The Last of the Mohicans
French and Indian War
French America
Beautifully photographed, this 1992 remake of the 1936 film places colonial America firmly in the midst of the forests and mountains of the Eastern states, peopled by deer, bears, and Indians.
In this film, the vastness of North America is beautiful and even terrible in its not quite emptiness.
The night sky is gorgeous in the pitch black of the wilderness.
The two scenes of Indian massacre are merciless.
In the film as in the novel and as in life, the Brits were here to defend their empire but the colonials were defending their homes and settlements.

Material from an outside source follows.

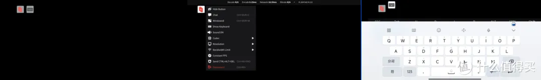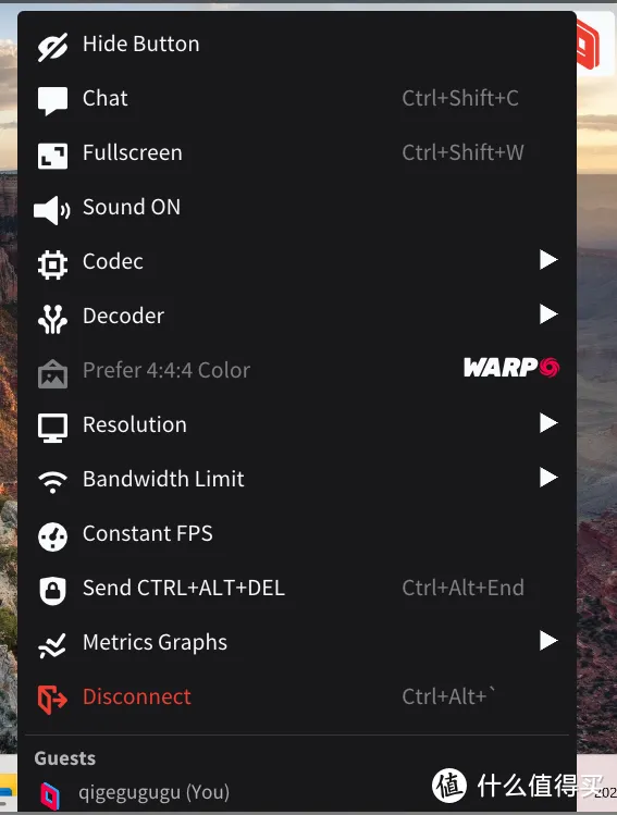 在Parsec中,也是有类似的设置,不过是全英文,看图标其实也比较好懂,可以聊天、全屏、调整声音、分辨率等内容,不过有一说一,Parsec真的很容易断连,在我测试过程中断了2次。

That put them at cross-purposes that form a central conflict of the story.
And how much would it have mattered to these English and Scotch-Irish settlers had the French won?
Most likely not a lot.
On the other hand, the Brits won and drove a good many French out of Acadia, many of whom re-settled in the Gulf around New Orleans to become the people we know as Cajuns.
Evangeline tells the story, a tale of ethnic cleansing regarded even then as a surprising cruelty, if nothing so grand as a "crime against humanity."
Evangeline
In the film as in the book as in the actual events, racism did not determine allegiances and the Indians did not conceive themselves as being or needing to be united in a race war pitting all Indians against all whites for control of the continent.